EXERCISE AIM - Copy out the data below from the line containing "Photo 2 – Photo" to the line containing "30.5x25.5cm framed $790", both lines included, with all images left out.

PROVIDED DATA -
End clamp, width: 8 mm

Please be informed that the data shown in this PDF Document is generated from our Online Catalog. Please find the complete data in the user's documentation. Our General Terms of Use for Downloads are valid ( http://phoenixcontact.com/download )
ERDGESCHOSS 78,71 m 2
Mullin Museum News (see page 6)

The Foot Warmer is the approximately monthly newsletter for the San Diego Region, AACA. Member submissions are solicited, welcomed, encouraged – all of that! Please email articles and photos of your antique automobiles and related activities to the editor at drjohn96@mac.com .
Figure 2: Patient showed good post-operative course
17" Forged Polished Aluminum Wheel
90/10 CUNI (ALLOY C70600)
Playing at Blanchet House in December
---
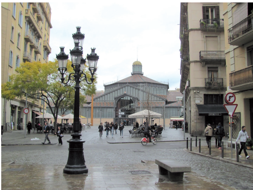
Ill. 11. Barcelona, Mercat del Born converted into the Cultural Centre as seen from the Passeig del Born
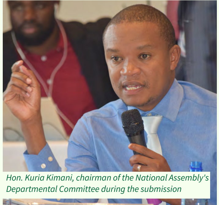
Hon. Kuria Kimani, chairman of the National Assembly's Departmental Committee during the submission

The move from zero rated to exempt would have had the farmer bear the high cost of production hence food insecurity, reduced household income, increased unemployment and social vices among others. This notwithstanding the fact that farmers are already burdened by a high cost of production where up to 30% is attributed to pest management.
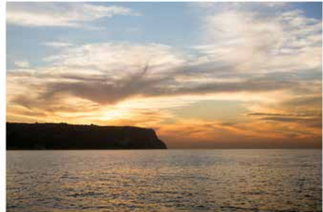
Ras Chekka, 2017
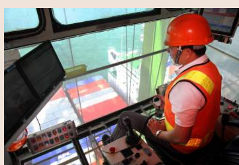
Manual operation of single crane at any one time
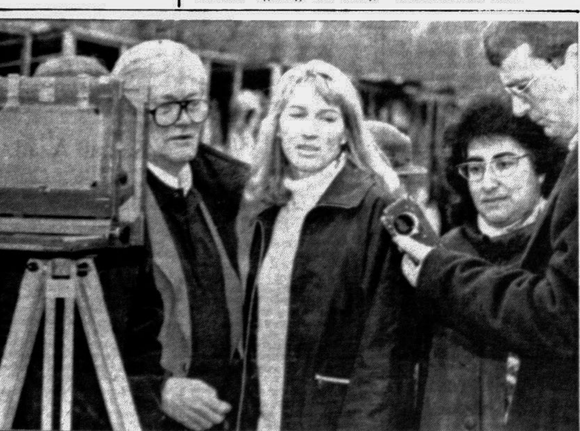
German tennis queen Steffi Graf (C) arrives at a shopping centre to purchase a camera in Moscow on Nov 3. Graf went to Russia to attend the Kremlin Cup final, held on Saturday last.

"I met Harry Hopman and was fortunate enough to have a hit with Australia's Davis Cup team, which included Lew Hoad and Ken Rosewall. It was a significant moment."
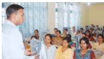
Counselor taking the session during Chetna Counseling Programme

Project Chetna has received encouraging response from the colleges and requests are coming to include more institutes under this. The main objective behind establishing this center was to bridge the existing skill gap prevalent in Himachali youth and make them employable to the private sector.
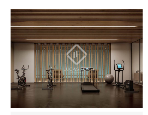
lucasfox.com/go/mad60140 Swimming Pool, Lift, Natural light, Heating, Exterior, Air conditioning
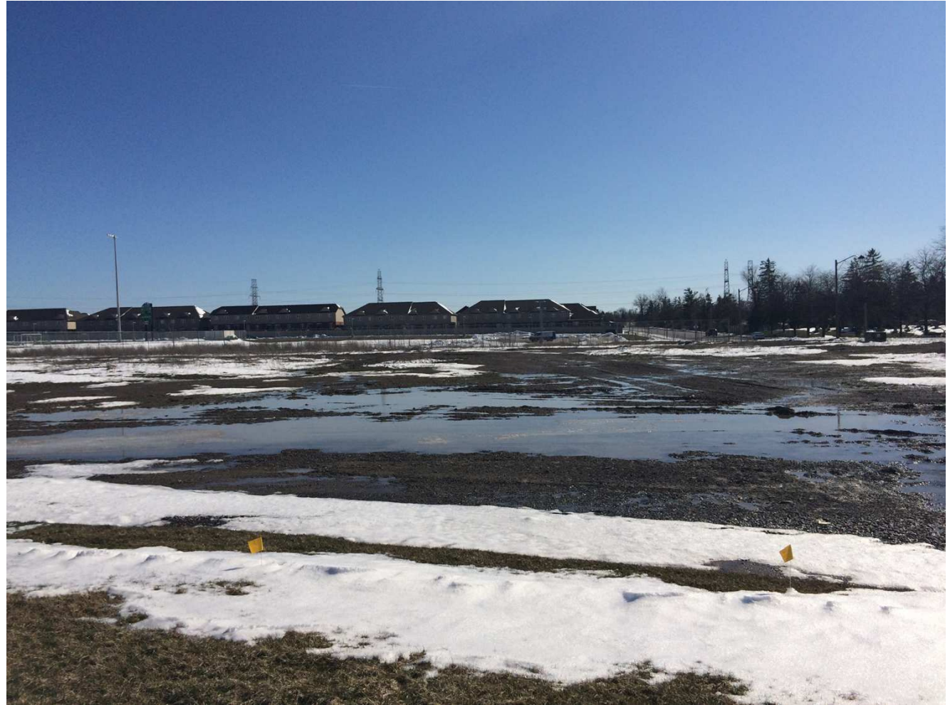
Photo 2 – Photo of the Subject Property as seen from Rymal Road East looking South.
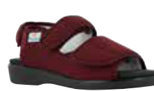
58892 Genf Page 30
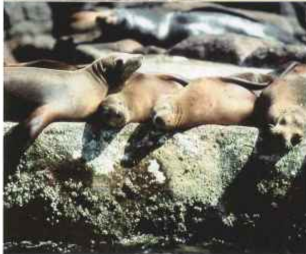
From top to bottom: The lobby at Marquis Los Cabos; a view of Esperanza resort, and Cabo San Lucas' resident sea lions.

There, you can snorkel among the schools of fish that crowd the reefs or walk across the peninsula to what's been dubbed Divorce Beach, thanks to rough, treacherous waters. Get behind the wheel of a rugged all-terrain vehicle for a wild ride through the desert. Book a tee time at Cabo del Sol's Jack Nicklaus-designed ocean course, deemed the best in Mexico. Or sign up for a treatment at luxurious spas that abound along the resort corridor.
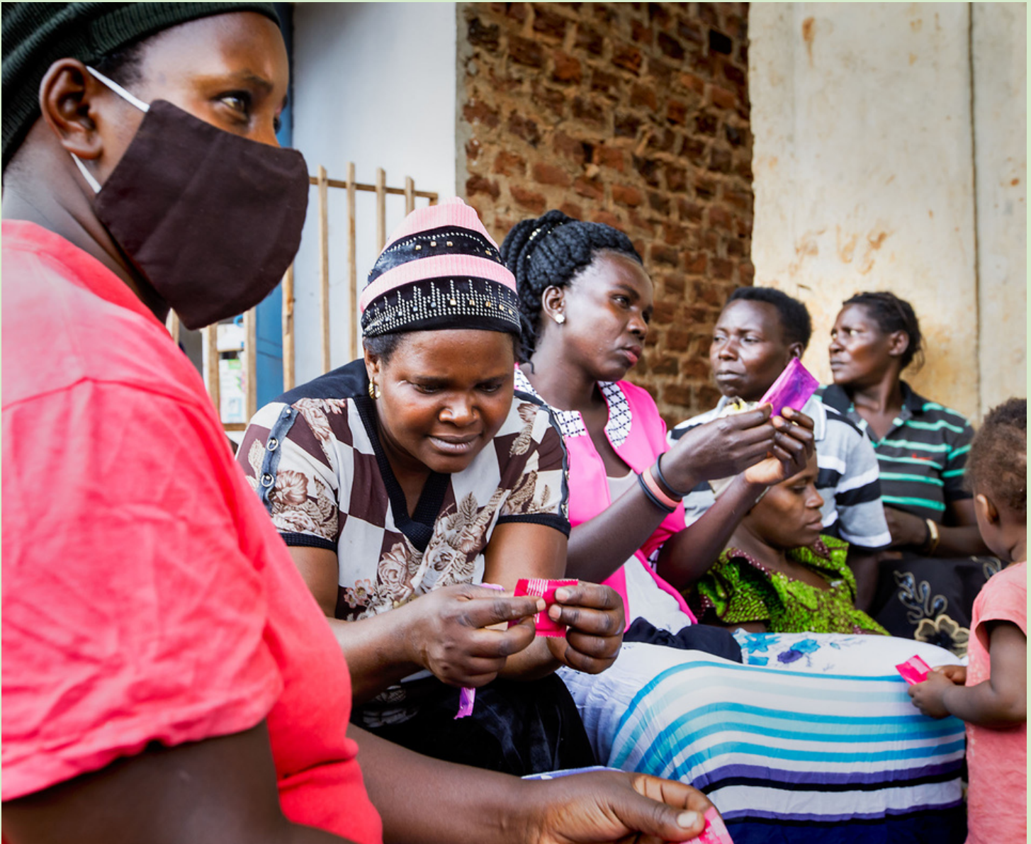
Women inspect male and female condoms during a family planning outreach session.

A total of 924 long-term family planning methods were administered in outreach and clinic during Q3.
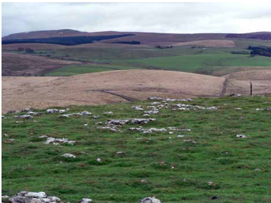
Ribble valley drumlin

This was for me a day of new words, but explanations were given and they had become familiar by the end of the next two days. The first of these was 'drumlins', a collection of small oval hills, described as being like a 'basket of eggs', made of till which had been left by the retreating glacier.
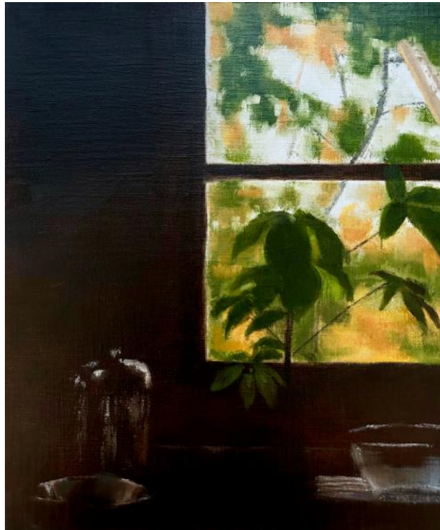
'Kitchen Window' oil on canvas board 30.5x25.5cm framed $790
...
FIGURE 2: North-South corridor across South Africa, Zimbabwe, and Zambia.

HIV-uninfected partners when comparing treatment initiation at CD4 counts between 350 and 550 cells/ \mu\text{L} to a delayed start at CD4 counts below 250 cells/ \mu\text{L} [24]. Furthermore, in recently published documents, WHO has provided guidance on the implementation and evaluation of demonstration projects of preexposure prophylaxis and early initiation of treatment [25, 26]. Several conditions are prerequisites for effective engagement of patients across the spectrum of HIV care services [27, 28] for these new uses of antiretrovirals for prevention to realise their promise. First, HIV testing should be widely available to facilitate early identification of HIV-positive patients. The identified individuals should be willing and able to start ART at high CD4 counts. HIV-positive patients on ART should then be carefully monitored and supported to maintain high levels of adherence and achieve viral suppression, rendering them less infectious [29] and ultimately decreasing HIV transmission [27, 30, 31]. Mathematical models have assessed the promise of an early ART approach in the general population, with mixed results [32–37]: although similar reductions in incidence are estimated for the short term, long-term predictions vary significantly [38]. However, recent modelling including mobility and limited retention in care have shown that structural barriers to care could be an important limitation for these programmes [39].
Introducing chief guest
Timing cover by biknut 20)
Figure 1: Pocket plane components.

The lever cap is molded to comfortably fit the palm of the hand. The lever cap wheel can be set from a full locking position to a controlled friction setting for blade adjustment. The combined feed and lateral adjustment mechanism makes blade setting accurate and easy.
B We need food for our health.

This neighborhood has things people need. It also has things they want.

OUTPUT -
Photo 2 – Photo of the Subject Property as seen from Rymal Road East looking South.
58892 Genf Page 30
From top to bottom: The lobby at Marquis Los Cabos; a view of Esperanza resort, and Cabo San Lucas' resident sea lions.

There, you can snorkel among the schools of fish that crowd the reefs or walk across the peninsula to what's been dubbed Divorce Beach, thanks to rough, treacherous waters. Get behind the wheel of a rugged all-terrain vehicle for a wild ride through the desert. Book a tee time at Cabo del Sol's Jack Nicklaus-designed ocean course, deemed the best in Mexico. Or sign up for a treatment at luxurious spas that abound along the resort corridor.
Women inspect male and female condoms during a family planning outreach session.

A total of 924 long-term family planning methods were administered in outreach and clinic during Q3.
Ribble valley drumlin

This was for me a day of new words, but explanations were given and they had become familiar by the end of the next two days. The first of these was 'drumlins', a collection of small oval hills, described as being like a 'basket of eggs', made of till which had been left by the retreating glacier.
'Kitchen Window' oil on canvas board 30.5x25.5cm framed $790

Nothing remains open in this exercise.